Mad Men: health and safety porn for the disinfected noughties

I’ve just finished watching the third episode of Mad Men over on BBC Four. It hasn’t gripped me yet I have to say, but one thing that is starting to bug me is, well, the smokespoitation (a word I thought I’d made up but apparently haven’t). Yes it’s okay, I do get that everyone smoked in the 60s. Even in the office. Even pregnant women. That anti-smoking guy who hangs outside all the party conferences every year shouting at people must be doing his nut.

But it isn’t just the smoking. In general, it is one big fetish fest for everything they did in the 60s that we now consider dangerous. This is all very well, and factually accurate, but do they really have to signal everything with such great big neon signs stating “LOOK PUNY NOUGHTIES-ERA VIEWER! WATCH US TAKE MINIMAL CONCERN FOR OUR HEALTH AND SAFETY AND QUIVER WITH REPULSION AND DESIRE! BWAA-HAH-HAH-HAAAH!” Last week it was children running around with plastic bags over their heads and rolling around in the bag seat of a car with no safety belt during a crash. This week we’ve had extreme drink driving and a kid being slapped across the face. We aren’t talking subtle here.
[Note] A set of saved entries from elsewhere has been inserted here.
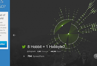 Después de eso, se vuelve como un grado de separación de juego, con los anillos más grandes que muestran retweets de personas distintas de los seguidores originales. También hay pequeñas líneas verdes que vienen de la gráfica que muestran la cantidad de seguidores que cada usuario tiene Twitter.
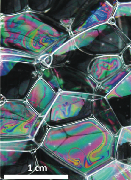 En utilisant une mousse « simplifiée » – un seul des multiples films minces séparant les bulles dans la mousse – et en observant le comportement du film juste avant son éclatement, alors d’une épaisseur de quelques dizaines de nanomètres, ils ont constaté un phénomène inattendu pour ce polymère : en dessous d’une certaine finesse, les films ne s’amincissent plus continûment mais par couches successives. Toutes les couches sont d’épaisseur identique, ce qui est la signature d’une taille caractéristique au sein du liquide. En étudiant ce liquide polymérique par diffraction des rayons X au Synchrotron « Soleil », ils ont relevé la présence d’une longueur caractéristique identique à la hauteur des couches mesurées précédemment, et directement corrélée à la taille des molécules. Les chercheurs pensent que cette observation est la preuve que l’auto-organisation des polymères à proximité de l’interface entre le liquide et l’air est responsable de la dynamique très lente d’amincissement de ces films.
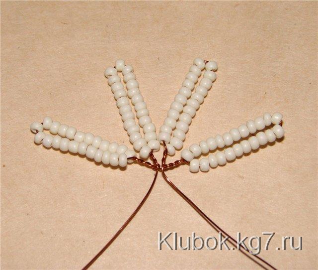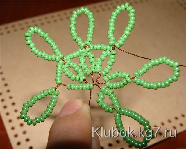 Огибаем низкой наши 4 бисеринки на оси, делаем полукруг, или дугу. Осевая проволочка сама как бы "обрежет" необходимое количество бисера. СЛЕДИМ, ЧТОБЫ ОСЕВАЯ ПРОВОЛОКА БЫЛА ПРЯМОЙ!
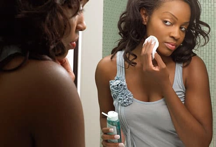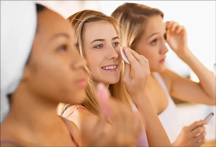 When you’re tired, it can be tempting to go to bed without washing your face. But leaving makeup on your skin can clog your pores and cause acne. So wash it off with a gentle cleanser or makeup remover. Use a soft wash cloth or cotton pads. If you use acne medicine, now’s a good time to put it on — when your face is clean and you won’t be putting on makeup.
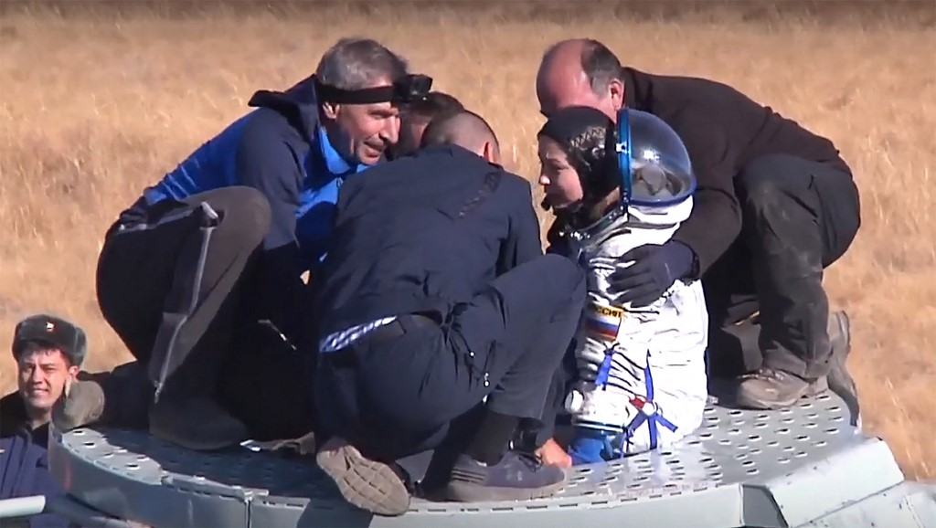 خلا میں پہلی فلم کی عکس بندی کے لیے انٹرنیشنل سپیس سٹیشن پر 12 دن گزارنے کے بعد روسی عملہ زمین پر واپس لوٹ گیا ہے۔
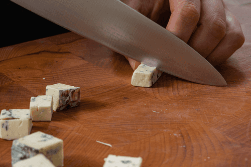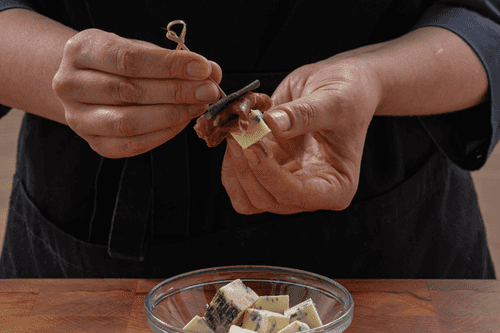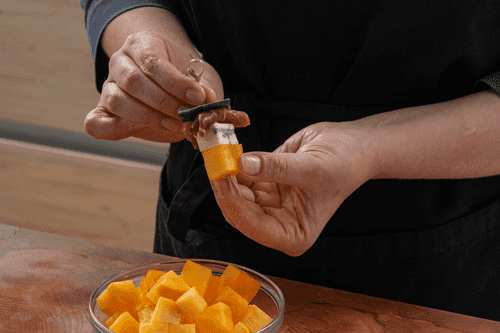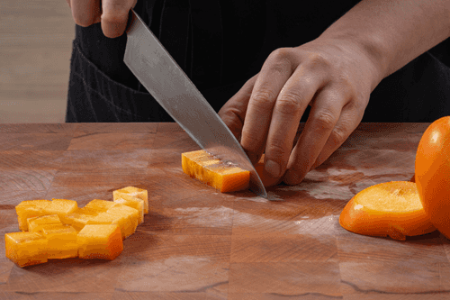 Cut the dates into 2 cm cubes; for beauty, it's better to trim all the round edges.
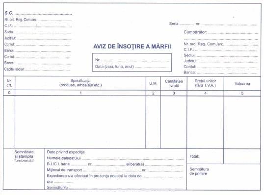 Aviz de insotire a marfii A5 3ex , 50set/carnet, hartie alb/color/color, coperta carton. Carnetele sunt capsate pentru o siguranta sporita,acestea fiind prevazute cu perfor la cotor pentru o rupere mai usoara. Hartia este de o calitate superioara. Tabelurile sunt construite pe baza legislatiei conform cerintelor.
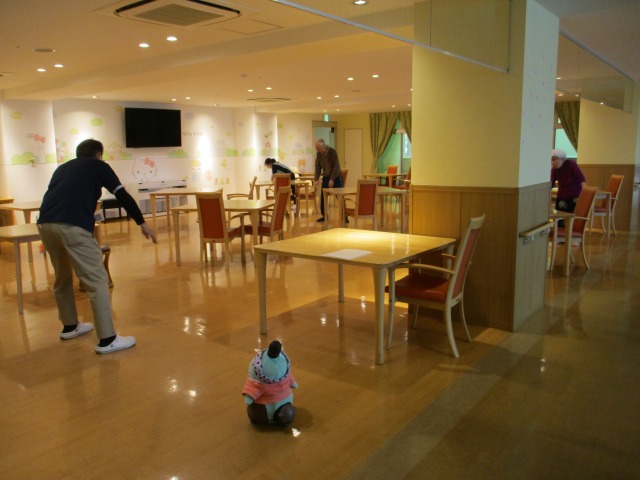 リハビリ担当が皆さんを外に連れて行ってくれています。
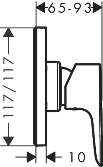 Смеситель для душа, однорычажный, 1 потребитель, вид соединения: скрытый монтаж, максимальный расход воды при давлении 3 бара: 28,7 л/мин, мин. рабочее давление: 1 бар, макс. рабочее давление: 10 бар.
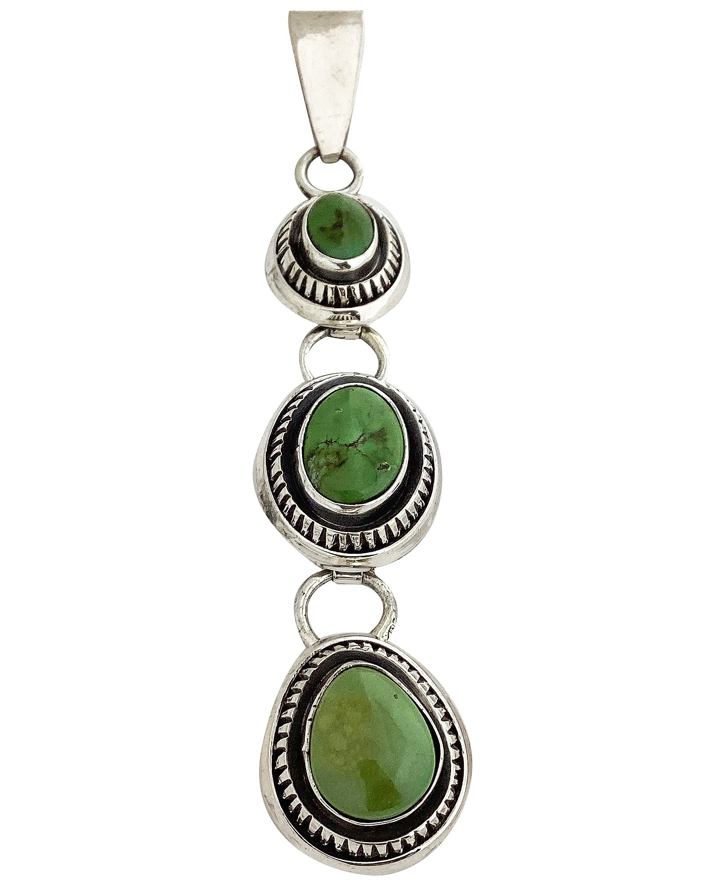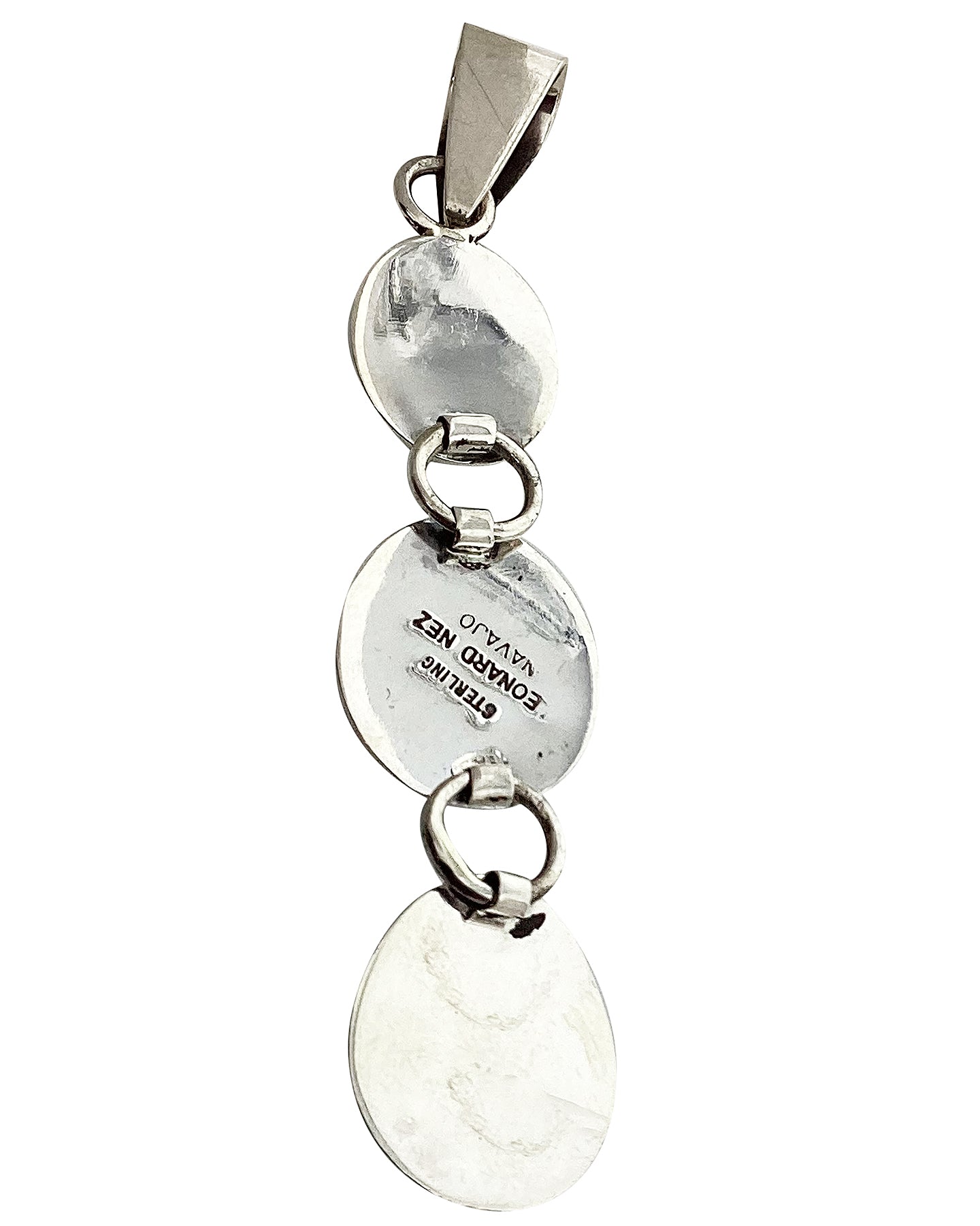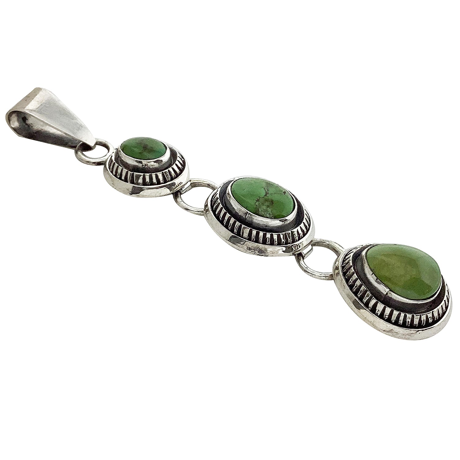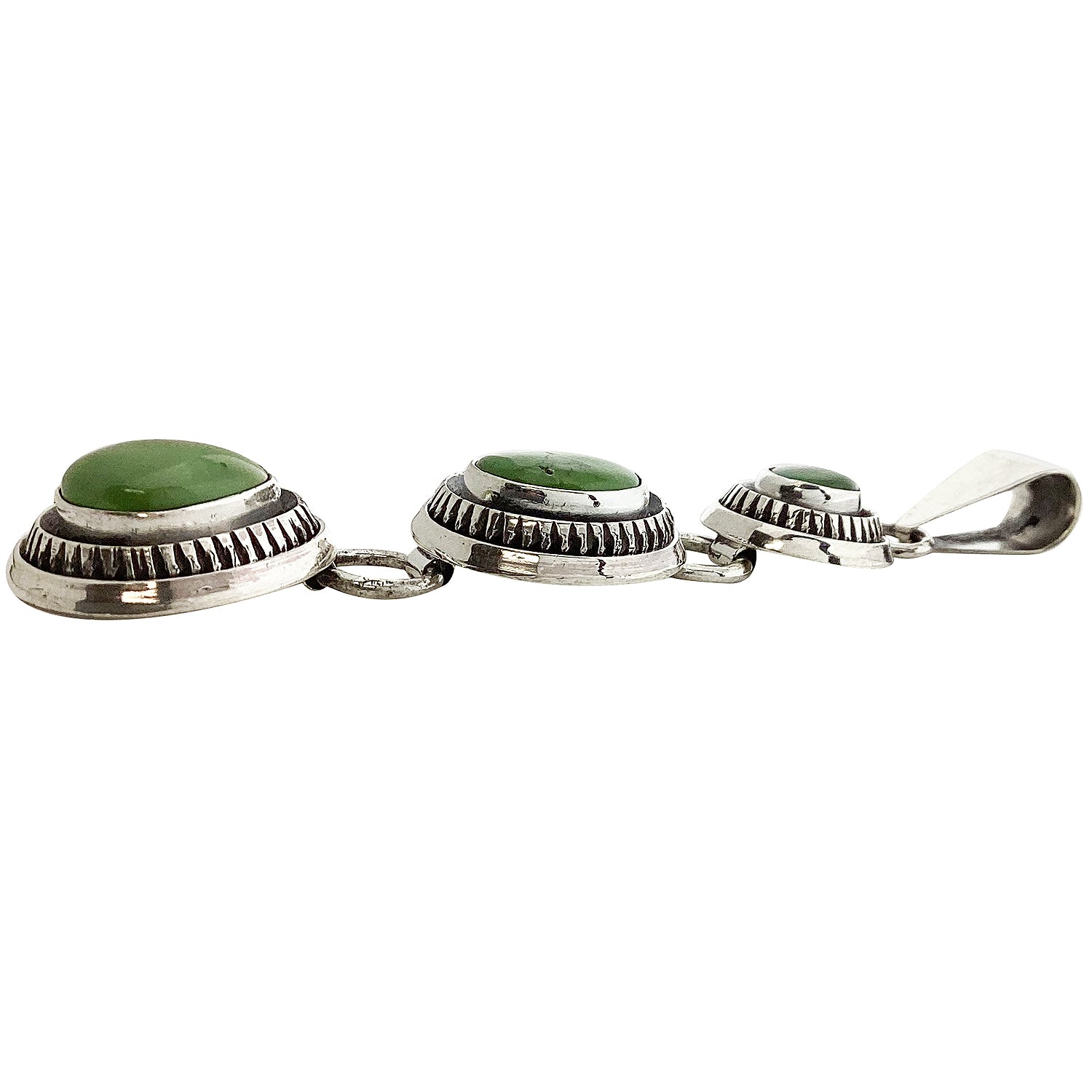 Leonard Nez, Pendant, Gaspeite, Three Stones, Silver, Navajo Handmade, 3 5/8"

The problem is, combine that with the rest of the sixties Americana – the cine film camera, the hats, the rampant sexism, et al – and there isn’t much left. This week’s episode in particular just felt like two episodes jammed together. The subplot about the main character’s wife’s unidentified illness (MS?) was all but forgotten. They’ve spent so much time and energy recreating a period (albeit very much from a contemporary perspective) that plot-wise it seems to be little more than a run of the mill soap.